Posted April 4, 2015 in Faith, Reading, Review / 0 Comments

I just finished this book and did not want to wait to share it. I really loved it. I also think that it fits nicely with the Triduum and the Easter season.

I pray that every one of you has a wonderful Easter weekend!


Review: Seven Revolutions – Changing the WorldSeven Revolutions by Mike Aquilina, James L Papandrea
Publisher: Image (2015)
Hardcover (256 pages)
Via: Blogging for Books
Rating:
Also by this author: History's Queen
Reading Challenges: Read 2015

Synopsis

Combining history, politics, and religion, Mike Aquilina and Jim Papandrea provide practical lessons to be learned from the struggles of the Early Church, lessons that can be applied to the day-to-day lives of Christian readers.
Prolonged, multiple wars in the Middle East. Waves of immigrants crossing the borders. Ongoing economic recession. Increasing political polarization, often with religious overtones.
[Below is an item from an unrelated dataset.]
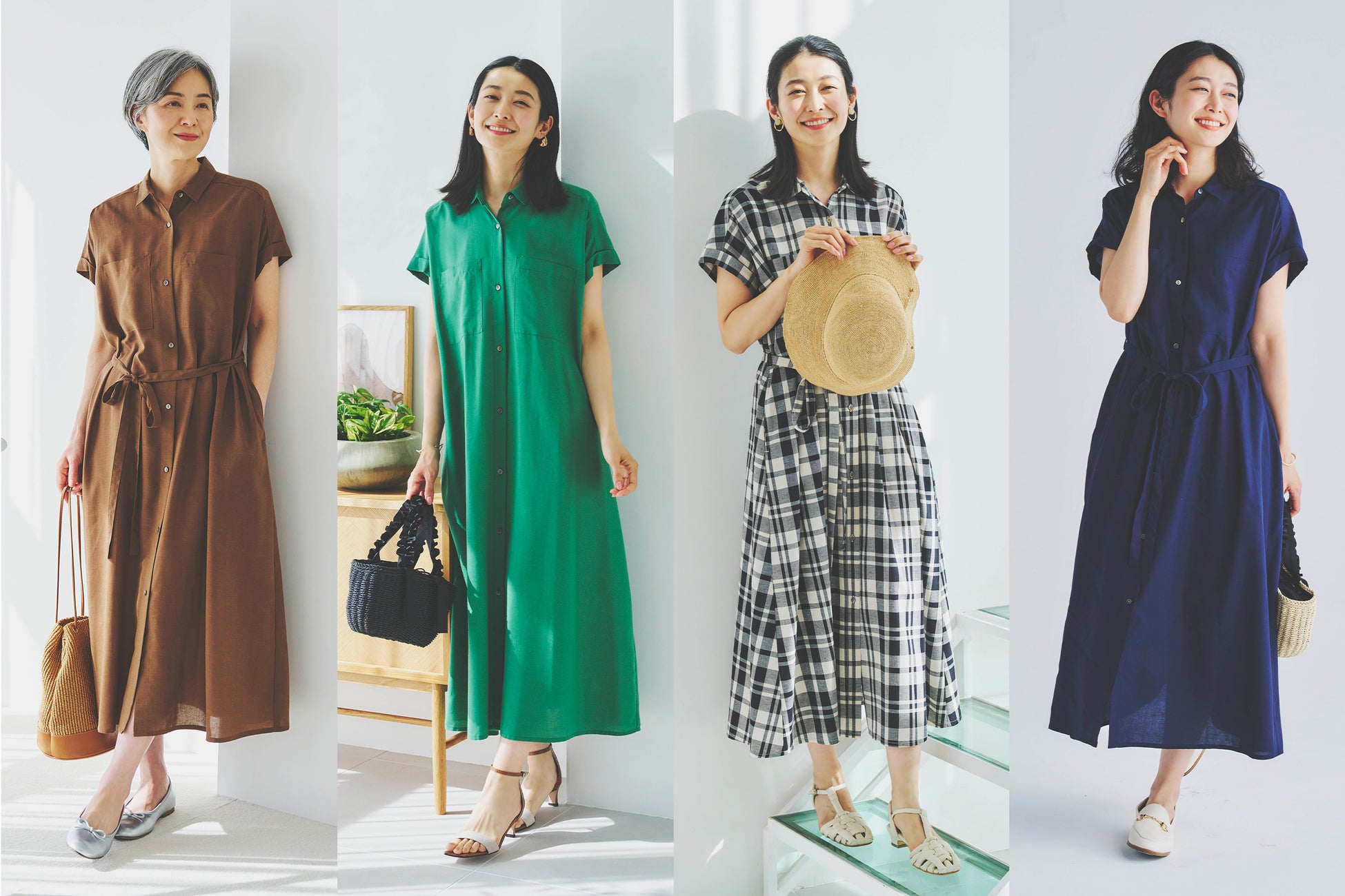 カジュアルになりがちなシャツワンピースですが、裾に向かって緩やかに広がるAラインシルエットで、1枚でも上品な雰囲気を演出してくれます。また、大きな胸ポケットは上半身の華奢見え効果もありつつ、トレンド感を落とし込んだメリハリのあるスタイルに仕上がります。ワンピースと同じ生地のベルトでウエストマークすることで、スタイルアップも。ボタンを開けて羽織としても着られてシーンや気分にあわせて様々なスタイルを楽しめる、着回し力抜群のアイテムです。カラーは夏の爽やかさがあるグリーンや1枚で存在感のあるミックス、定番のネイビーとブラウンの4色展開です。

Conflicts over ideologies that pit the progressive against the traditional. Sound familiar? These conditions not only describe the United States, but the situation of the Roman Empire in the third century. That situation led to religious persecution and the eventual collapse of the empire. In the middle of the third century, the Roman Empire was roughly the same age as the United States is now.
In this book, authors Mike Aquilina and Jim Papandrea examine the practices of the Early Church—a body of Christians living in Rome—and show how the lessons learned from these ancient Christians can apply to Christians living in the United States today. The book moves from the Christian individual, to the family, the church and the world, explaining how the situation of the Early Church is not only familiar to modern Christian readers, but that its values are still relevant.